• _Exercise prompt_
Reproduce the whole listing that follows, character for character, and drop the images.

• _Dataset section_
*** Begin section ***

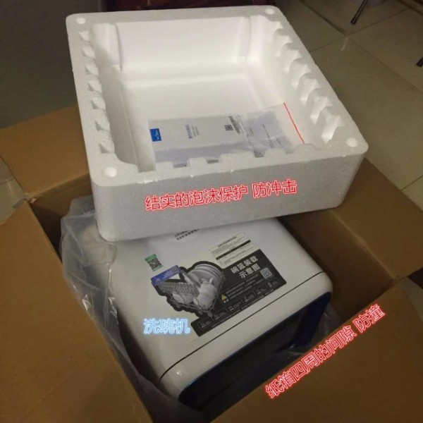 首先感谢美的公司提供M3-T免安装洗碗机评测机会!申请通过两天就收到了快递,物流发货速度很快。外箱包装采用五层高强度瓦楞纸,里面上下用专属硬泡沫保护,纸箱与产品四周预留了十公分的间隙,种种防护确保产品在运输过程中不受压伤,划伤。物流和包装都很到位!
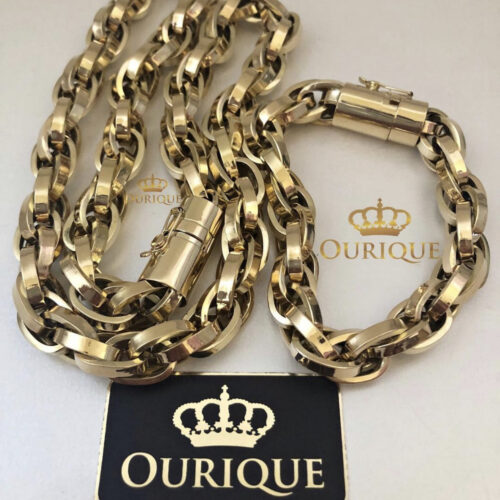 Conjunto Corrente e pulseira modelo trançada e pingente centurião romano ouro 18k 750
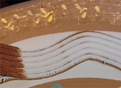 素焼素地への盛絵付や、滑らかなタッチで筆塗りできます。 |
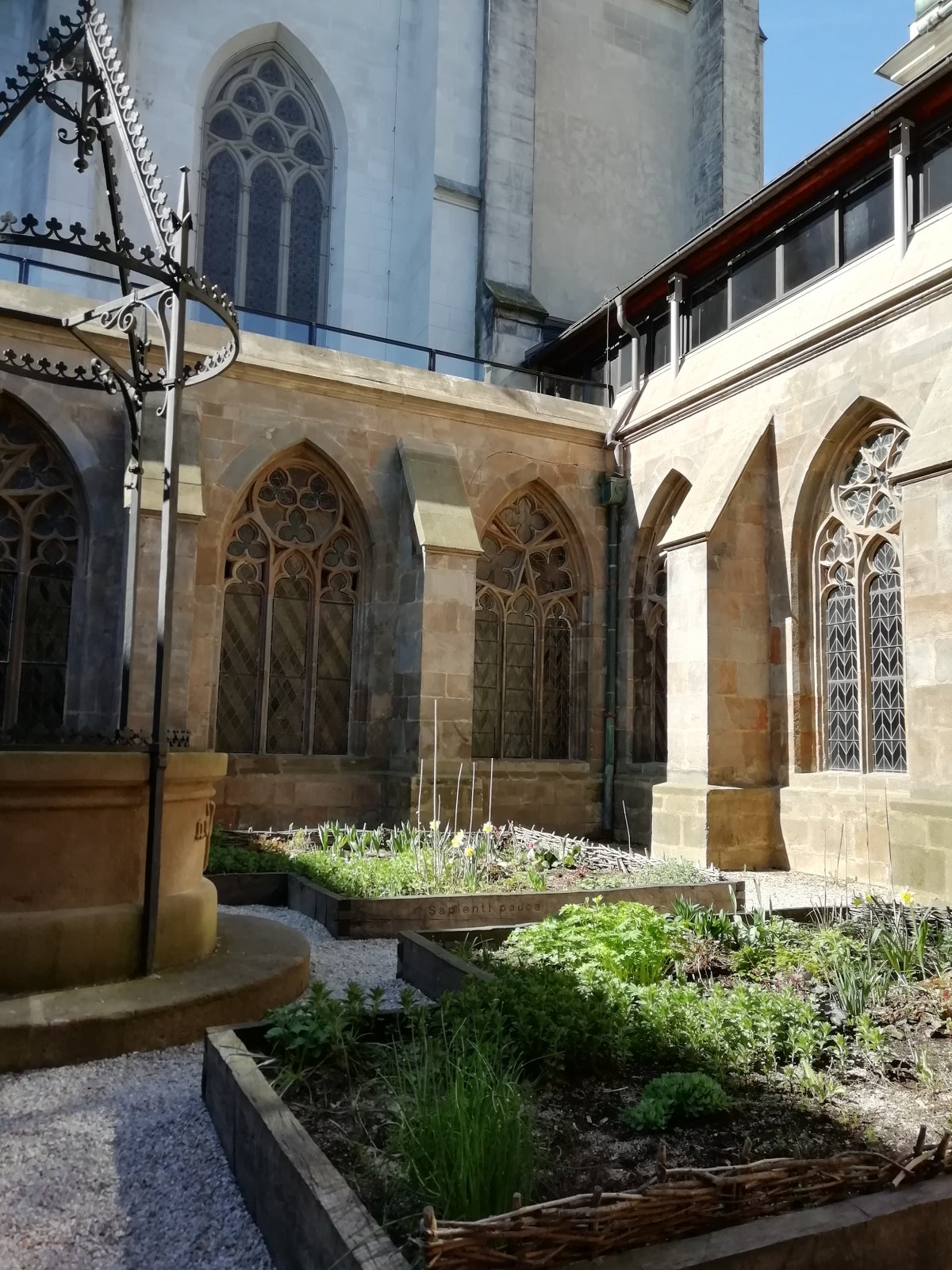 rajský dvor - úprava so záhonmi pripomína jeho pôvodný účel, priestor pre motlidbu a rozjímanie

*** End section ***

• _Response to the task_
 首先感谢美的公司提供M3-T免安装洗碗机评测机会!申请通过两天就收到了快递,物流发货速度很快。外箱包装采用五层高强度瓦楞纸,里面上下用专属硬泡沫保护,纸箱与产品四周预留了十公分的间隙,种种防护确保产品在运输过程中不受压伤,划伤。物流和包装都很到位!
 Conjunto Corrente e pulseira modelo trançada e pingente centurião romano ouro 18k 750
 素焼素地への盛絵付や、滑らかなタッチで筆塗りできます。 |
 rajský dvor - úprava so záhonmi pripomína jeho pôvodný účel, priestor pre motlidbu a rozjímanie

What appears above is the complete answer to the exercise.